Uteroplacental insufficiency affects epigenetic determinants in the growth retarded rat lung.

Background IUGR predisposes human infants towards chronic lung disease (CLD). Similarly, pulmonary hypoplasia and thickened alveolar septae characterize the IUGR rat (O9Brien-Ped Res 2004). The link between an early insult and a postnatal phenotype suggests an epigenetic phenomenon. Epigenetic phenomena induce persistent changes in gene expression by altering chromatin structure. Objective We hypothesized that UPI alters determinants of chromatin structure in IUGR rat lung in association with phenotypic changes consistent with alveolar simplification. Design/Methods Our lab uses a well characterized rat model of UPI which results in IUGR. To test our hypothesis we proposed to determine if UPI: (1) alters global and promoter specific DNA methylation; (2) alters DNA methyltransferase 1 (DNMT1), an enzyme involved in DNA methylation, mRNA or expression; (3) leads to persistent changes in DNA methylation as seen in day 21 IUGR rats; and (4) is associated with modifications of specific histone H3 sites.
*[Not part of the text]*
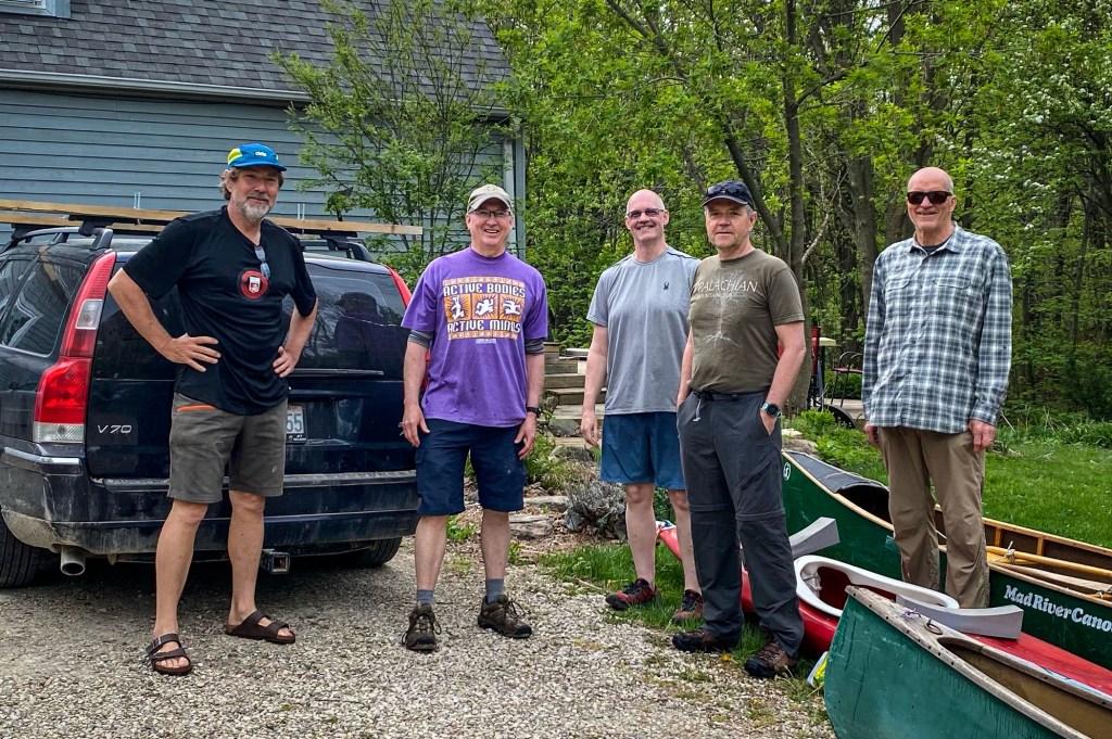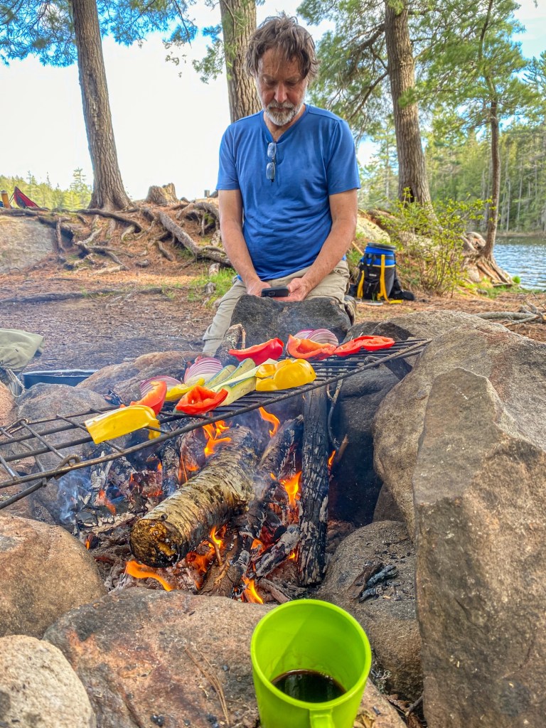 We gathered at 7:30 this morning at Ron’s place outside Orangeville, loaded the two cars with two canoes & one kayak, and headed off in to the sunny warm day. A quick take-out lunch at the Farmer’s Daughter in Huntsville, and to the Rain Lake entry point just after noon. Loaded into the boats and off down the narrow lake with a decent tailwind, certainly enough to clear the blackflies. An easy paddle, and remarkable dry easy short carries. At the campsite on the north shore of Jubilee Lake just after 4 P.M., tents up, firewood gathered, and Ron put the veggies on the fire to grill, ‘found’ a box of fine red wine in the lake, and put the pork chops over the coals. A fine first-day dinner!

Results We found that UPI increases global DNA methylation at term (D0) and at D21 in IUGR rat lung. Furthermore, DNMT1 mRNA and protein are significantly increased in D0 IUGR rat lungs (IUGR DNMT1 mRNA 135± 17% of control, p≤0.05, n=6 litters, ± SEM, IUGR DNMT1 protein 345 ± 98% of control, p≤0.05, n=5 litters, ± SEM). Interestingly, however, preliminary data suggest that promoter specific DNA methylation is decreased in both D0 and D21 IUGR rat lungs. As one would expect based upon the global DNA hypermethylation, IUGR significantly decreased acetylation of lysine 9 on histone 3 (IUGR 63.4 ± 8 % of control n=6 litters, p≤0.01, ± SEM), whereas methylation of H3 Lysine 4 and lysine 9 were not significantly altered. Conclusion UPI modifies pulmonary epigenetic determinants in a rat model of IUGR that is characterized by alterations in gene expression and pulmonary phenotype. The response is tissue specific, in that IUGR liver and brain DNA is globally hypomethylated. We speculate that the changes in pulmonary chromatin structure represent a tissue specific response to IUGR that contributes to the postnatal changes in phenotype.